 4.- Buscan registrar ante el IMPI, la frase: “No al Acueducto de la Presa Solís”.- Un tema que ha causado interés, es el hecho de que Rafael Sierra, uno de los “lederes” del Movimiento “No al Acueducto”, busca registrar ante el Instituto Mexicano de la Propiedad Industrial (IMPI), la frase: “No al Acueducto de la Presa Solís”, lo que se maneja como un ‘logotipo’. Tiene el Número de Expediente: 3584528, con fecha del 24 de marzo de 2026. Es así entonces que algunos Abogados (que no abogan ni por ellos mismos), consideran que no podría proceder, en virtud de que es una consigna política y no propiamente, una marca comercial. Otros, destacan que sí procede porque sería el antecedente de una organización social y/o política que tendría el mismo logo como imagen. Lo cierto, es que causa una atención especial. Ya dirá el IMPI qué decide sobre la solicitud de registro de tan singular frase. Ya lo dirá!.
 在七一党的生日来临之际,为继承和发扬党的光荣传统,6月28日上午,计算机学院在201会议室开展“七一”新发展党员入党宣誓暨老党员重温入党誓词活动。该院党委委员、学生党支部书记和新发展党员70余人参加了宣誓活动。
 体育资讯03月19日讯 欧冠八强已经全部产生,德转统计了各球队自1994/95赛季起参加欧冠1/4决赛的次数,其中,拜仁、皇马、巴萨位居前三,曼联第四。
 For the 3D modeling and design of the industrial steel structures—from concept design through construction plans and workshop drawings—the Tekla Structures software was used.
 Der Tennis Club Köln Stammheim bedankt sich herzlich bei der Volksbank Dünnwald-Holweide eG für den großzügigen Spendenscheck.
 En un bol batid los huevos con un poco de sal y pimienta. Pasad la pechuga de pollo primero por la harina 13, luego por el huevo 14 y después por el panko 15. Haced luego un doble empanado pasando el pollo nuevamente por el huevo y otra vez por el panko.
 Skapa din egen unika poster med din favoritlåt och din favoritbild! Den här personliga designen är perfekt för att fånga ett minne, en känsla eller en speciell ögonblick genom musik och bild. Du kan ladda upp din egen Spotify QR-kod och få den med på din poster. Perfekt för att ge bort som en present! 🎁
* * *
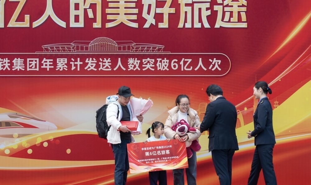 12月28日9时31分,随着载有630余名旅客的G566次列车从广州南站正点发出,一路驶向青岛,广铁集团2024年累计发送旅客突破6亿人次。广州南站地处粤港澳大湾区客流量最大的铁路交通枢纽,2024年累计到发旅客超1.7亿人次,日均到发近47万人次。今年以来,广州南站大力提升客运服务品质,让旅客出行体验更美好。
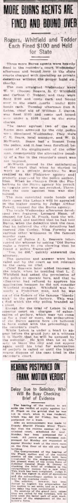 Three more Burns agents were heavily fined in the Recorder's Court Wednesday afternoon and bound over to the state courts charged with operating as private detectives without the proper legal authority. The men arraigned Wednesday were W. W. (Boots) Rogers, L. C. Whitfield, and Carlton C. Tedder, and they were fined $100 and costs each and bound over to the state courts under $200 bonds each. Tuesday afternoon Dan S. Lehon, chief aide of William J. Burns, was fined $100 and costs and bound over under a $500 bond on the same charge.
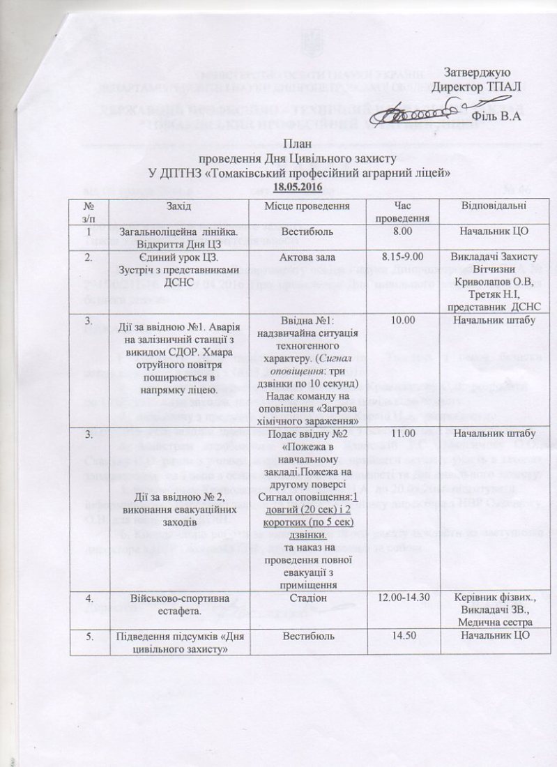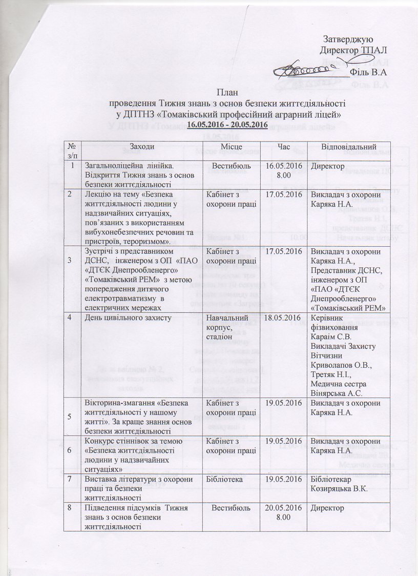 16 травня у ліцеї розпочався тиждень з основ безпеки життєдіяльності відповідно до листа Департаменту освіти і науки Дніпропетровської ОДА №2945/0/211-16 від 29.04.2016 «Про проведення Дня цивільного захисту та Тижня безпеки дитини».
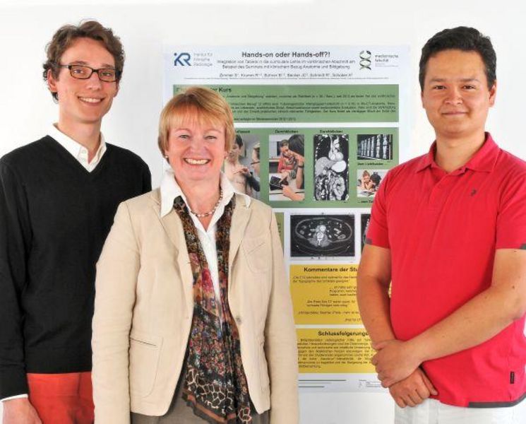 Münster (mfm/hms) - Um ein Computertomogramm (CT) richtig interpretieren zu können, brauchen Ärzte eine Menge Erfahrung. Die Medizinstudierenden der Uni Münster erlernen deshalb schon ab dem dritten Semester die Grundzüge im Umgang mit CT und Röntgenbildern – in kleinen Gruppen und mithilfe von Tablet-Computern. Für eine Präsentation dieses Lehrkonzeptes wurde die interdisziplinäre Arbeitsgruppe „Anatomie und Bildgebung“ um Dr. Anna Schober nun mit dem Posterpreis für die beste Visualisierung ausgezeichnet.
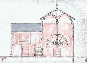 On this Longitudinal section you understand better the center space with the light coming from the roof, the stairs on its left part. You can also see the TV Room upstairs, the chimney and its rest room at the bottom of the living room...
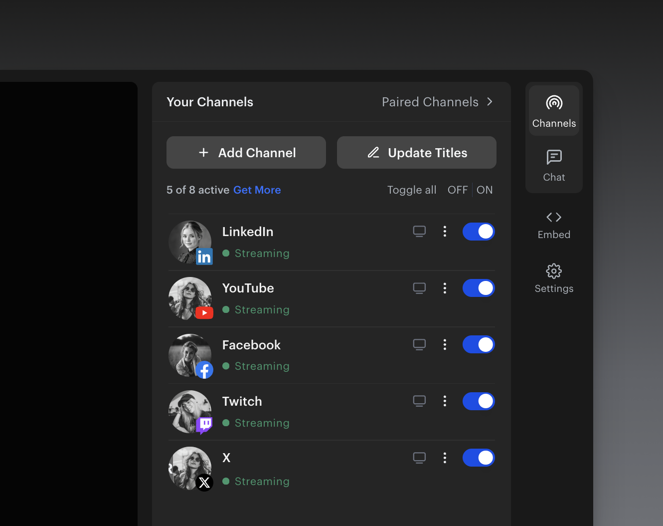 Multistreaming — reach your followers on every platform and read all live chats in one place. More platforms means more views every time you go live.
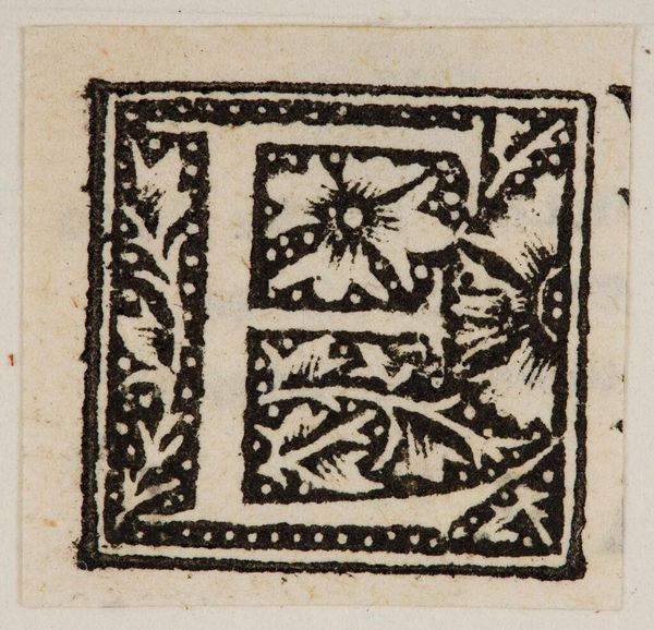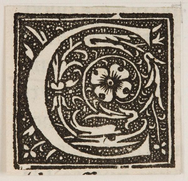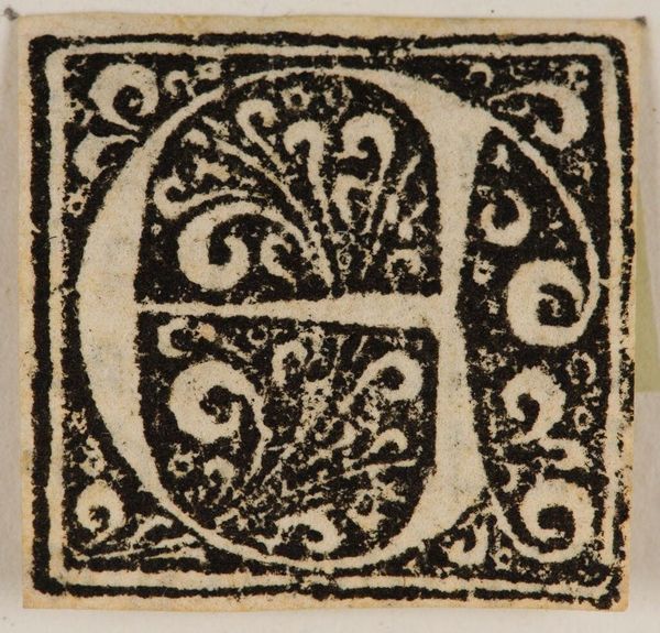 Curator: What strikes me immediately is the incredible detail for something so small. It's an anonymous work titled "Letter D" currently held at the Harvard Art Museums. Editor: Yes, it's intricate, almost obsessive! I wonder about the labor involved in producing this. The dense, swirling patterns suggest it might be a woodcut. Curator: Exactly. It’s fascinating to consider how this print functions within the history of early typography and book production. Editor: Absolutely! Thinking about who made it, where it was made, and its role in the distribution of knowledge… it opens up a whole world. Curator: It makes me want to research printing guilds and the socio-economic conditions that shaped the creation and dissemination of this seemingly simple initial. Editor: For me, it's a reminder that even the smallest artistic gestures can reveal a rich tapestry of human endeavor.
...
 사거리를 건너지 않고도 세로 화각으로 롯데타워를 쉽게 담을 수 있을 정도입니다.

WORK INSTRUCTION: In the listing above, find the line with "Münster (mfm/hms) - Um" and output every line through the one with "Multistreaming — reach", exactly, without the pictures.

ANSWER:
 Münster (mfm/hms) - Um ein Computertomogramm (CT) richtig interpretieren zu können, brauchen Ärzte eine Menge Erfahrung. Die Medizinstudierenden der Uni Münster erlernen deshalb schon ab dem dritten Semester die Grundzüge im Umgang mit CT und Röntgenbildern – in kleinen Gruppen und mithilfe von Tablet-Computern. Für eine Präsentation dieses Lehrkonzeptes wurde die interdisziplinäre Arbeitsgruppe „Anatomie und Bildgebung“ um Dr. Anna Schober nun mit dem Posterpreis für die beste Visualisierung ausgezeichnet.
 On this Longitudinal section you understand better the center space with the light coming from the roof, the stairs on its left part. You can also see the TV Room upstairs, the chimney and its rest room at the bottom of the living room...
 Multistreaming — reach your followers on every platform and read all live chats in one place. More platforms means more views every time you go live.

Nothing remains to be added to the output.